→ EXERCISE DIRECTIONS:
In the listing below, a line holding "Note : l’allocation" and a line holding "Mačaj je inače" mark the range. Retype both exactly, with all lines between them.

→ DATA FOR THIS EXERCISE:
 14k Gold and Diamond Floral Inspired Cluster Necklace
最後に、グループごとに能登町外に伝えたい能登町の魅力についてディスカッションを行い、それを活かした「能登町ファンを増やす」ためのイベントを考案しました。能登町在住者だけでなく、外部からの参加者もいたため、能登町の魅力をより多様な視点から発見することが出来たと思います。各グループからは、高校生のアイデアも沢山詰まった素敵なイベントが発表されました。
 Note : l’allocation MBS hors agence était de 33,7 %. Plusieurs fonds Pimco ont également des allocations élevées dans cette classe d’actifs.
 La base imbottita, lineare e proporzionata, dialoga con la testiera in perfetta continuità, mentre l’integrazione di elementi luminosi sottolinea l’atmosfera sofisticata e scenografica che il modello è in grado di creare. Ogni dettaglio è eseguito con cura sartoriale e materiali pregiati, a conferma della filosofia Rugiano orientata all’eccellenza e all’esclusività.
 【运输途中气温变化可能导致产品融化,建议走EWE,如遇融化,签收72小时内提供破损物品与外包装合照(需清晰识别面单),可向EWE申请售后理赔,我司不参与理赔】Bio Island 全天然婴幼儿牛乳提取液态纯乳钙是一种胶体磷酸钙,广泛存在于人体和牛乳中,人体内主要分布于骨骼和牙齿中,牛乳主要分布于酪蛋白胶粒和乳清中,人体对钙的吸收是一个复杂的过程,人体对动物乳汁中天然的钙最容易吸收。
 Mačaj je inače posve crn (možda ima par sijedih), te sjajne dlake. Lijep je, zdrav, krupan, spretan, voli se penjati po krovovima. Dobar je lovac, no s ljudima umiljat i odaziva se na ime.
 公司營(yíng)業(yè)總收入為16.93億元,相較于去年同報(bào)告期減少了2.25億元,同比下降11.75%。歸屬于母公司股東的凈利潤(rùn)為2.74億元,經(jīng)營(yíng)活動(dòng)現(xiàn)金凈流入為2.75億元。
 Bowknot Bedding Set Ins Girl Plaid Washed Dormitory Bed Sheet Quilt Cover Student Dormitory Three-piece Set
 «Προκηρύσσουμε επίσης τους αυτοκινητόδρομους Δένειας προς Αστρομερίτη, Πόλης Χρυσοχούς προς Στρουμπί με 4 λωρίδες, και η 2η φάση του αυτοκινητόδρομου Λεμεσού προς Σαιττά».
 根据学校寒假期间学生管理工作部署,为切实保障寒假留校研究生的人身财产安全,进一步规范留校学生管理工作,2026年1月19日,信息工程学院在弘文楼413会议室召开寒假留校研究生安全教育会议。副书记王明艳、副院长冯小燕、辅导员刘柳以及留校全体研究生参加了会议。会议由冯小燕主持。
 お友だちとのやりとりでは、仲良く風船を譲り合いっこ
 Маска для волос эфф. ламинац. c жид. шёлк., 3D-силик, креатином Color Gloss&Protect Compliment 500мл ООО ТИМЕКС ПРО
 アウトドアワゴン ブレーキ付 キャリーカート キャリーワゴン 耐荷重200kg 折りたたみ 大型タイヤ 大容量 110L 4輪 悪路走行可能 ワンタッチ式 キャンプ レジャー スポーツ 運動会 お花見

→ RESULT FOR THIS EXERCISE:
 Note : l’allocation MBS hors agence était de 33,7 %. Plusieurs fonds Pimco ont également des allocations élevées dans cette classe d’actifs.
 La base imbottita, lineare e proporzionata, dialoga con la testiera in perfetta continuità, mentre l’integrazione di elementi luminosi sottolinea l’atmosfera sofisticata e scenografica che il modello è in grado di creare. Ogni dettaglio è eseguito con cura sartoriale e materiali pregiati, a conferma della filosofia Rugiano orientata all’eccellenza e all’esclusività.
 【运输途中气温变化可能导致产品融化,建议走EWE,如遇融化,签收72小时内提供破损物品与外包装合照(需清晰识别面单),可向EWE申请售后理赔,我司不参与理赔】Bio Island 全天然婴幼儿牛乳提取液态纯乳钙是一种胶体磷酸钙,广泛存在于人体和牛乳中,人体内主要分布于骨骼和牙齿中,牛乳主要分布于酪蛋白胶粒和乳清中,人体对钙的吸收是一个复杂的过程,人体对动物乳汁中天然的钙最容易吸收。
 Mačaj je inače posve crn (možda ima par sijedih), te sjajne dlake. Lijep je, zdrav, krupan, spretan, voli se penjati po krovovima. Dobar je lovac, no s ljudima umiljat i odaziva se na ime.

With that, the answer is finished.